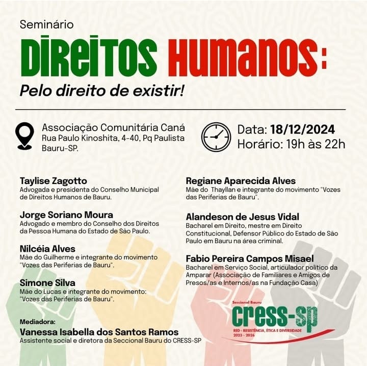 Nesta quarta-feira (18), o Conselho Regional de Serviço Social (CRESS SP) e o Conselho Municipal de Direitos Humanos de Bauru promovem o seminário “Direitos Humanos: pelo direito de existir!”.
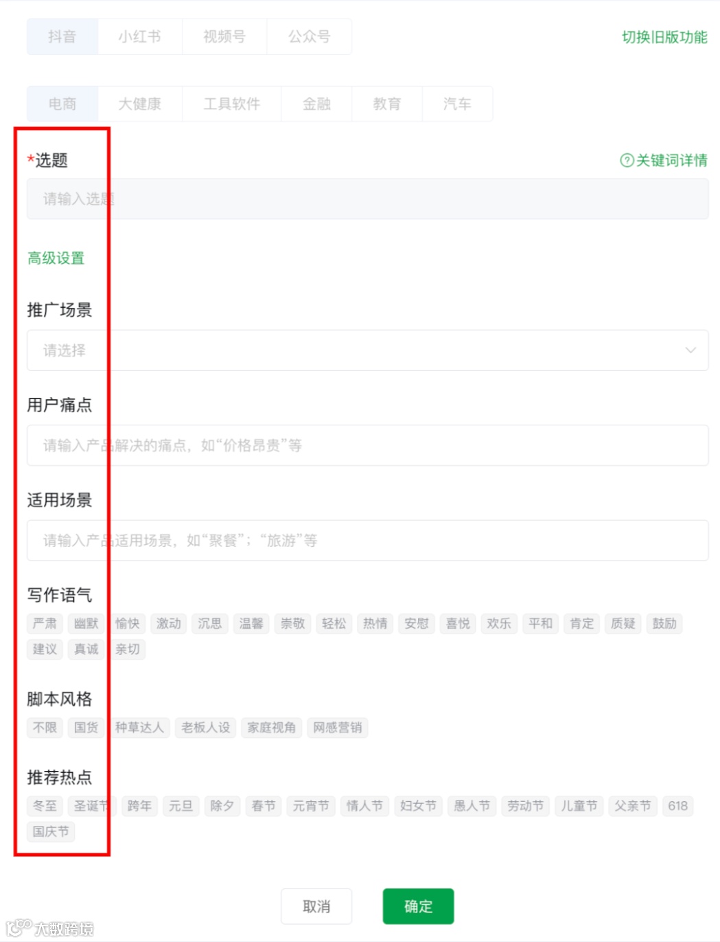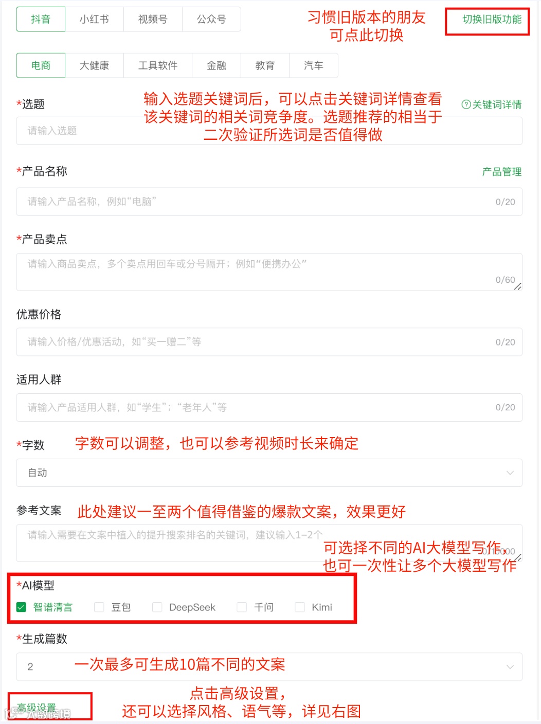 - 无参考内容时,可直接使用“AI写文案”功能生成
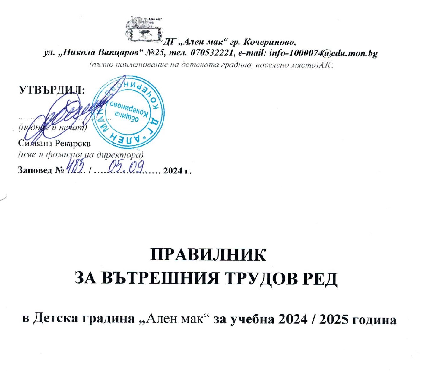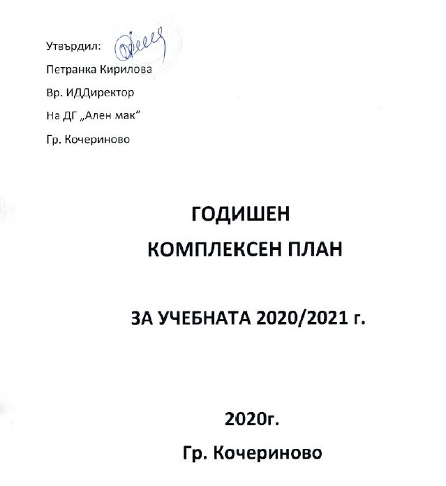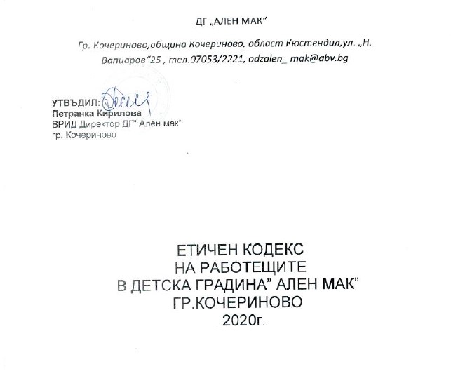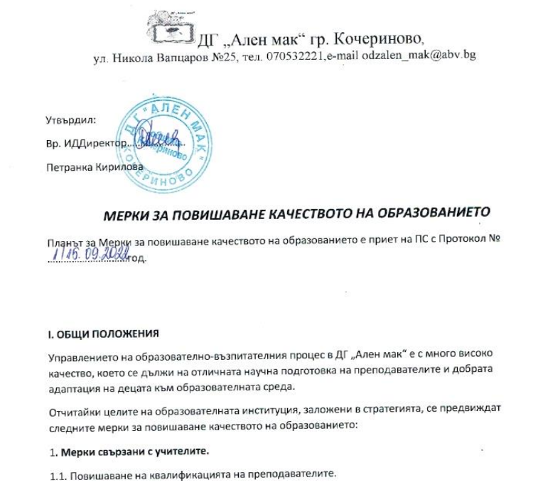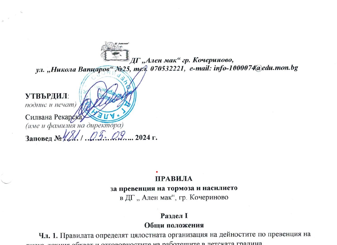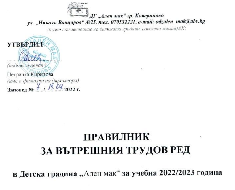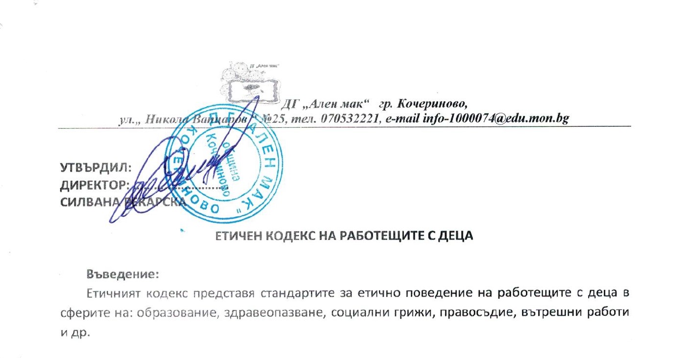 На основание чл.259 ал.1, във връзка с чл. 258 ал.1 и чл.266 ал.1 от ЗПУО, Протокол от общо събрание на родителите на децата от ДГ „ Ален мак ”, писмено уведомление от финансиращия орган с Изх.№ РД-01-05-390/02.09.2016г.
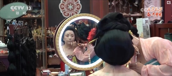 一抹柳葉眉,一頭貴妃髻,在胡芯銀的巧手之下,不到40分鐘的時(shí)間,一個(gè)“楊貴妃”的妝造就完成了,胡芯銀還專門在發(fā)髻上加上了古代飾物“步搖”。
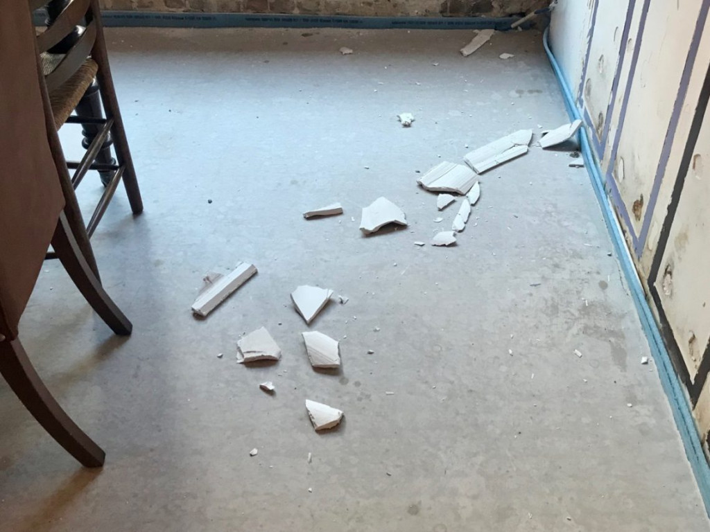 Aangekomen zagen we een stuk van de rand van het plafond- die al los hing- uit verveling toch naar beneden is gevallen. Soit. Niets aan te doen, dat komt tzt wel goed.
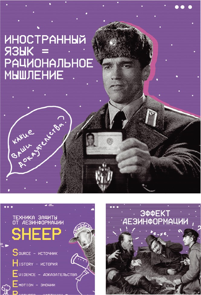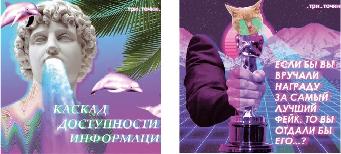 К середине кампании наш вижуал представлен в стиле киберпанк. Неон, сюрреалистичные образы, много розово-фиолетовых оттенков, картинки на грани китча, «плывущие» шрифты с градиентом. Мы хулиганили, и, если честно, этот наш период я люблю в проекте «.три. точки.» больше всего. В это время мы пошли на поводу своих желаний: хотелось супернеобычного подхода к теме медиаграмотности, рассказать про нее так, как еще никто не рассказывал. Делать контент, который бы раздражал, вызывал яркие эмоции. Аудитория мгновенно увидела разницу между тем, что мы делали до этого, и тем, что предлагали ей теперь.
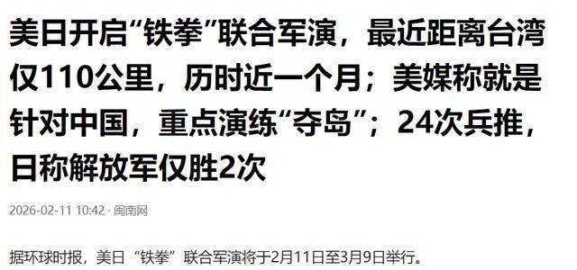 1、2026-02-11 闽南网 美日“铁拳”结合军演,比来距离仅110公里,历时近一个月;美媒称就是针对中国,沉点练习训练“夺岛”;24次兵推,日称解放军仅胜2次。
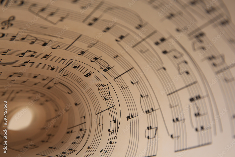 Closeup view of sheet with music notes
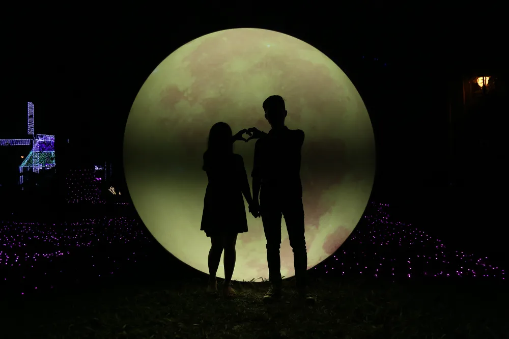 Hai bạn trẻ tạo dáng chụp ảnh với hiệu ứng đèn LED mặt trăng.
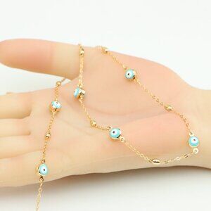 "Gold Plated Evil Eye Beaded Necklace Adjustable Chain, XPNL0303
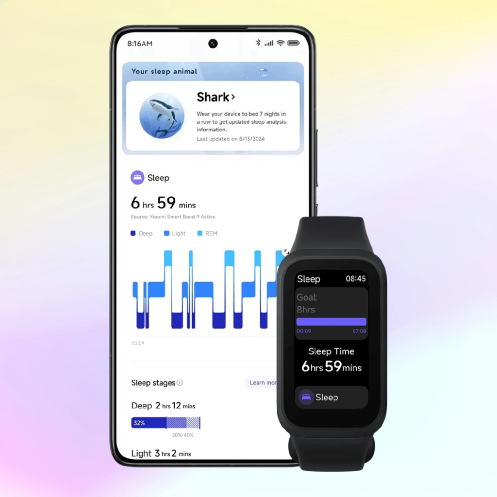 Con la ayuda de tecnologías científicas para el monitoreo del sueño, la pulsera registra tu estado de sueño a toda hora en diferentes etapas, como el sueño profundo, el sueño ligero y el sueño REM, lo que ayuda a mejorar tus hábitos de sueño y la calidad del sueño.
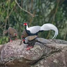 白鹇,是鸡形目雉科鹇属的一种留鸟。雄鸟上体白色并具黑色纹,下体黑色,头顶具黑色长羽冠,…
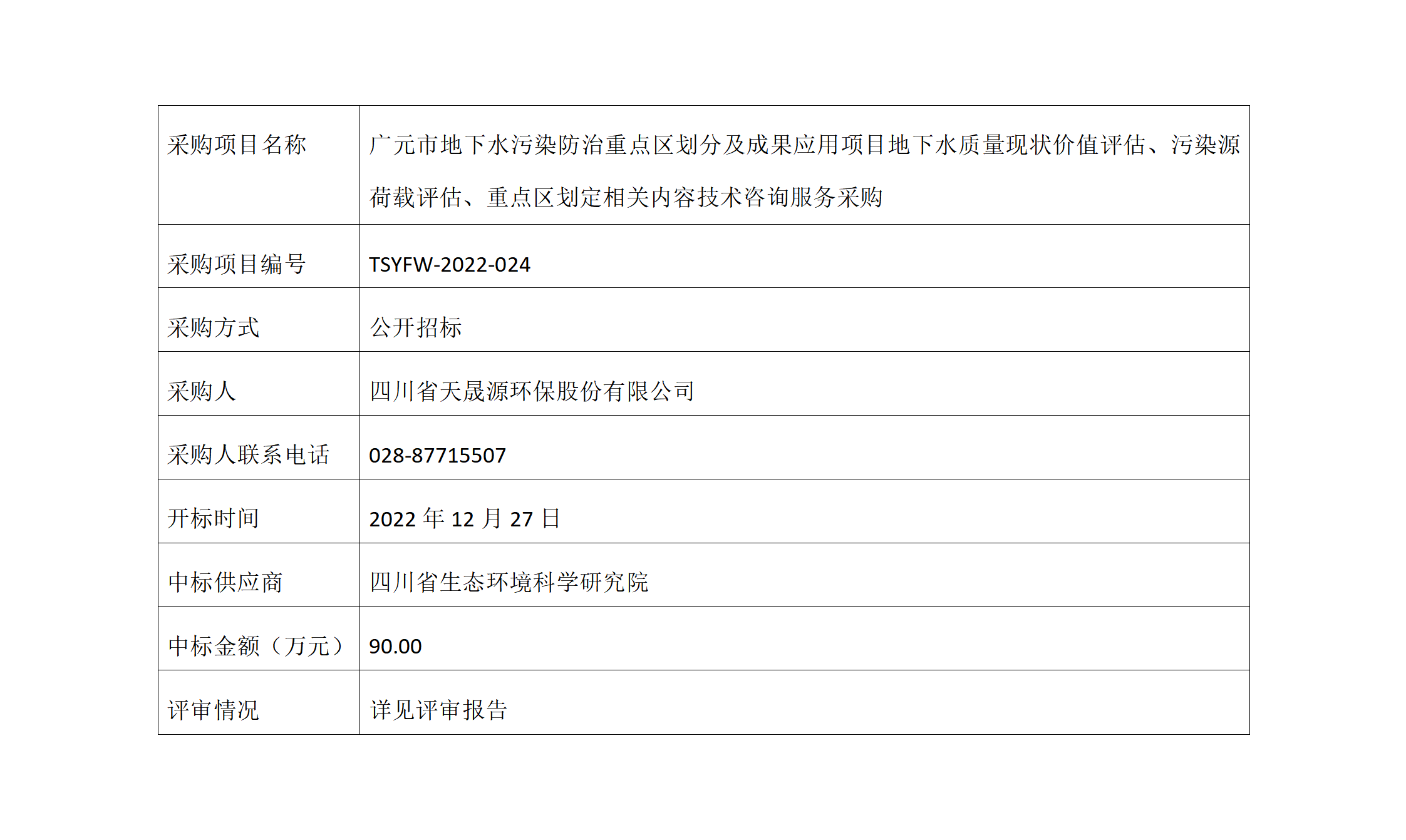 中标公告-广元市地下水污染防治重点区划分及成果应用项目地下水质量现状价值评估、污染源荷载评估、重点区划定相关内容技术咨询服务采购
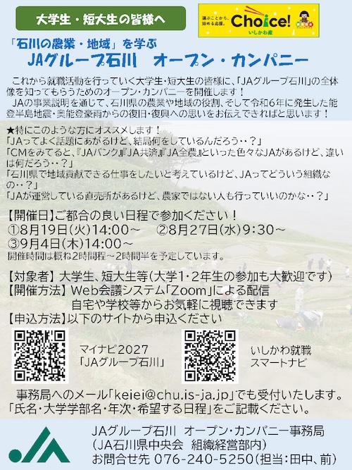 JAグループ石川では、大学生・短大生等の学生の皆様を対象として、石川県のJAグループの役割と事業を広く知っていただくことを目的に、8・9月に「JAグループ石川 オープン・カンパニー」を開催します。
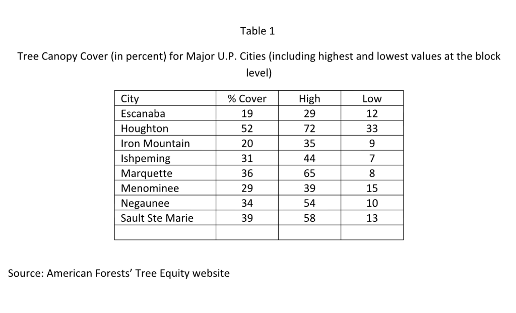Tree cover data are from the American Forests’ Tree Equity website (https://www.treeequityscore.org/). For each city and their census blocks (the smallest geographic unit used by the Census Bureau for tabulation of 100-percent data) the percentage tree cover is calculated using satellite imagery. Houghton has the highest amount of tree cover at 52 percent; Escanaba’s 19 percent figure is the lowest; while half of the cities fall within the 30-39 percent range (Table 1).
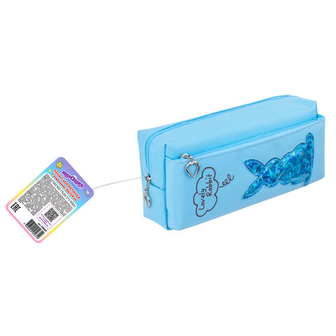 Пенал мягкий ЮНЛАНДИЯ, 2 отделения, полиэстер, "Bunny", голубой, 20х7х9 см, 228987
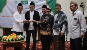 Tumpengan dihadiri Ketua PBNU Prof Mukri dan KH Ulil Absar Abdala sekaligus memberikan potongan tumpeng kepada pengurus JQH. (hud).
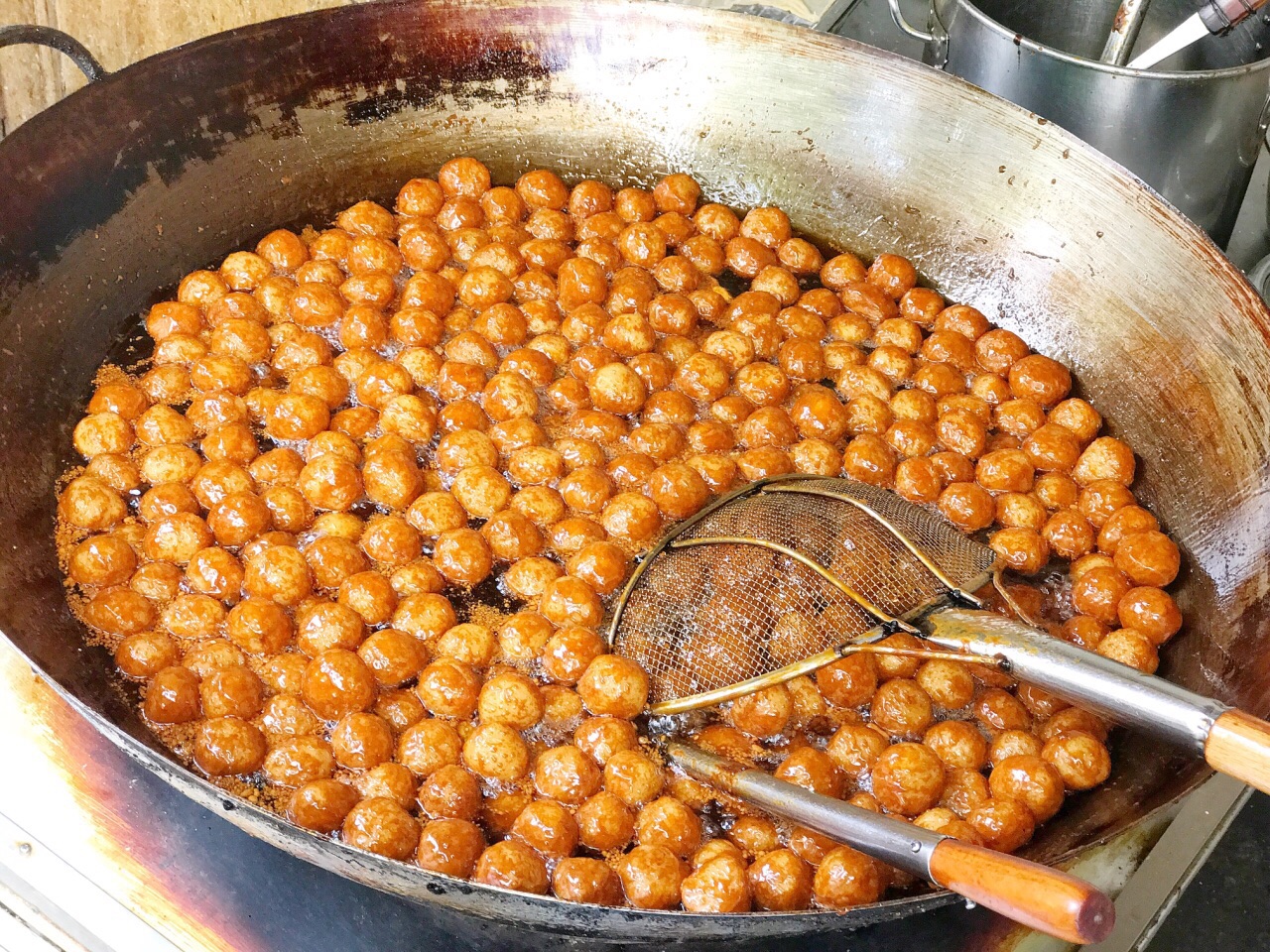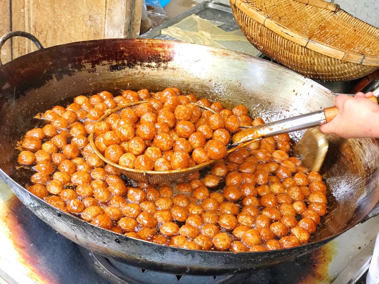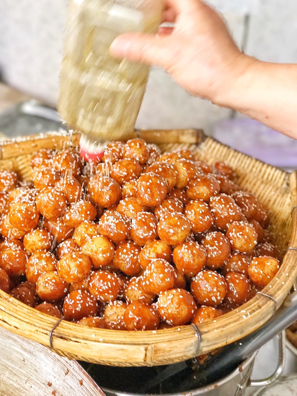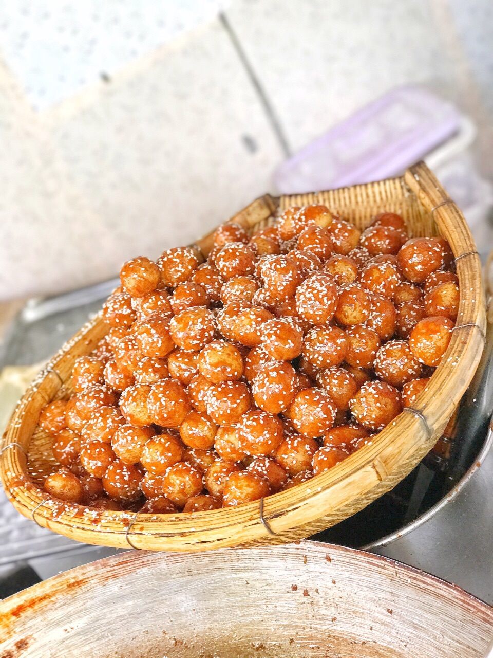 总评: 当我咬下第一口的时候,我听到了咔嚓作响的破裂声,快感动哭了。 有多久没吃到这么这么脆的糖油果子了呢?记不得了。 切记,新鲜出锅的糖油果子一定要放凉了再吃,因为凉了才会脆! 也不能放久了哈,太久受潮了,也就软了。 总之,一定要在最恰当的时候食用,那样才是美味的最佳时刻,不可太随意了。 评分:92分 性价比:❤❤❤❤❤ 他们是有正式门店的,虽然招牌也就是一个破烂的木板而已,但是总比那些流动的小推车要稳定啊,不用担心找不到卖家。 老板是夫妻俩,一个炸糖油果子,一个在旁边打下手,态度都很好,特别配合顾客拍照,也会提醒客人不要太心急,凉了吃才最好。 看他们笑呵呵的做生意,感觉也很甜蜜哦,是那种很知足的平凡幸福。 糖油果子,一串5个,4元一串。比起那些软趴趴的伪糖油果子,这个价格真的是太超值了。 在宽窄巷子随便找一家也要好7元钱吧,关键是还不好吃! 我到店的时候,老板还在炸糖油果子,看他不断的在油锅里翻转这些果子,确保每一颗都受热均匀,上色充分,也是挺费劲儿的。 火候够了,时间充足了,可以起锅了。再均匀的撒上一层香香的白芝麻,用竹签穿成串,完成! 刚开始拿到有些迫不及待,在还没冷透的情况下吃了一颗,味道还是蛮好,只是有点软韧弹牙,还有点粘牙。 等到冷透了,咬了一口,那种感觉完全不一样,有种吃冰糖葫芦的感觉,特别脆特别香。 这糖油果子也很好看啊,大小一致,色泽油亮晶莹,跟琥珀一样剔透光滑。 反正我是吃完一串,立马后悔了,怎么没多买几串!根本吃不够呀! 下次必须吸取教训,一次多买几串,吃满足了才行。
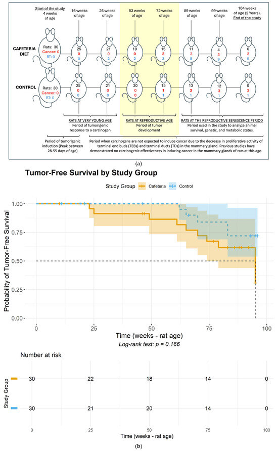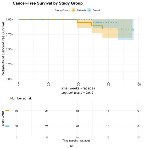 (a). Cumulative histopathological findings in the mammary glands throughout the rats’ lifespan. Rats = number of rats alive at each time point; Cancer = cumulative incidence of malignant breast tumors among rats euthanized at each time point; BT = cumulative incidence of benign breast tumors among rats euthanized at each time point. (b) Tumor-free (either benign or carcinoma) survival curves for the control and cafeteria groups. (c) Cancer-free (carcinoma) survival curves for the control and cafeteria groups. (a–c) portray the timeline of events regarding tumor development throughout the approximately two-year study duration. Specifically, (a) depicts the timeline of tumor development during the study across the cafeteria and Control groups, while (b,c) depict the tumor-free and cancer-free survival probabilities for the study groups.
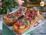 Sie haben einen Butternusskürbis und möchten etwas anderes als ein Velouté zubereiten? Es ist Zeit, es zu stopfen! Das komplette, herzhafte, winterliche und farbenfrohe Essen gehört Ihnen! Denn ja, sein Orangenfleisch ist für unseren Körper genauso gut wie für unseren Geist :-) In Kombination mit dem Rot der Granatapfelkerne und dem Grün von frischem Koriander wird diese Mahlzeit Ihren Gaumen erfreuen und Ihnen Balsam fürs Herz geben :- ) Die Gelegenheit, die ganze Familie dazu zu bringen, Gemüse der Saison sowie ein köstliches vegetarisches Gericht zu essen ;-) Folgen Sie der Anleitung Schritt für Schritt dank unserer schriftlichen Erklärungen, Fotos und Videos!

——————

> _WORK TO BE COMPLETED_
Above are the records. Copy word for word only their lines from the one holding "На основание чл.259" through the one holding "Tree cover data", both included, and skip the images.

> _ANSWER TO THIS EXERCISE_
 На основание чл.259 ал.1, във връзка с чл. 258 ал.1 и чл.266 ал.1 от ЗПУО, Протокол от общо събрание на родителите на децата от ДГ „ Ален мак ”, писмено уведомление от финансиращия орган с Изх.№ РД-01-05-390/02.09.2016г.
 一抹柳葉眉,一頭貴妃髻,在胡芯銀的巧手之下,不到40分鐘的時(shí)間,一個(gè)“楊貴妃”的妝造就完成了,胡芯銀還專門在發(fā)髻上加上了古代飾物“步搖”。
 Aangekomen zagen we een stuk van de rand van het plafond- die al los hing- uit verveling toch naar beneden is gevallen. Soit. Niets aan te doen, dat komt tzt wel goed.
 К середине кампании наш вижуал представлен в стиле киберпанк. Неон, сюрреалистичные образы, много розово-фиолетовых оттенков, картинки на грани китча, «плывущие» шрифты с градиентом. Мы хулиганили, и, если честно, этот наш период я люблю в проекте «.три. точки.» больше всего. В это время мы пошли на поводу своих желаний: хотелось супернеобычного подхода к теме медиаграмотности, рассказать про нее так, как еще никто не рассказывал. Делать контент, который бы раздражал, вызывал яркие эмоции. Аудитория мгновенно увидела разницу между тем, что мы делали до этого, и тем, что предлагали ей теперь.
 1、2026-02-11 闽南网 美日“铁拳”结合军演,比来距离仅110公里,历时近一个月;美媒称就是针对中国,沉点练习训练“夺岛”;24次兵推,日称解放军仅胜2次。
 Closeup view of sheet with music notes
 Hai bạn trẻ tạo dáng chụp ảnh với hiệu ứng đèn LED mặt trăng.
 "Gold Plated Evil Eye Beaded Necklace Adjustable Chain, XPNL0303
 Con la ayuda de tecnologías científicas para el monitoreo del sueño, la pulsera registra tu estado de sueño a toda hora en diferentes etapas, como el sueño profundo, el sueño ligero y el sueño REM, lo que ayuda a mejorar tus hábitos de sueño y la calidad del sueño.
 白鹇,是鸡形目雉科鹇属的一种留鸟。雄鸟上体白色并具黑色纹,下体黑色,头顶具黑色长羽冠,…
 中标公告-广元市地下水污染防治重点区划分及成果应用项目地下水质量现状价值评估、污染源荷载评估、重点区划定相关内容技术咨询服务采购
 JAグループ石川では、大学生・短大生等の学生の皆様を対象として、石川県のJAグループの役割と事業を広く知っていただくことを目的に、8・9月に「JAグループ石川 オープン・カンパニー」を開催します。
Tree cover data are from the American Forests’ Tree Equity website (https://www.treeequityscore.org/). For each city and their census blocks (the smallest geographic unit used by the Census Bureau for tabulation of 100-percent data) the percentage tree cover is calculated using satellite imagery. Houghton has the highest amount of tree cover at 52 percent; Escanaba’s 19 percent figure is the lowest; while half of the cities fall within the 30-39 percent range (Table 1).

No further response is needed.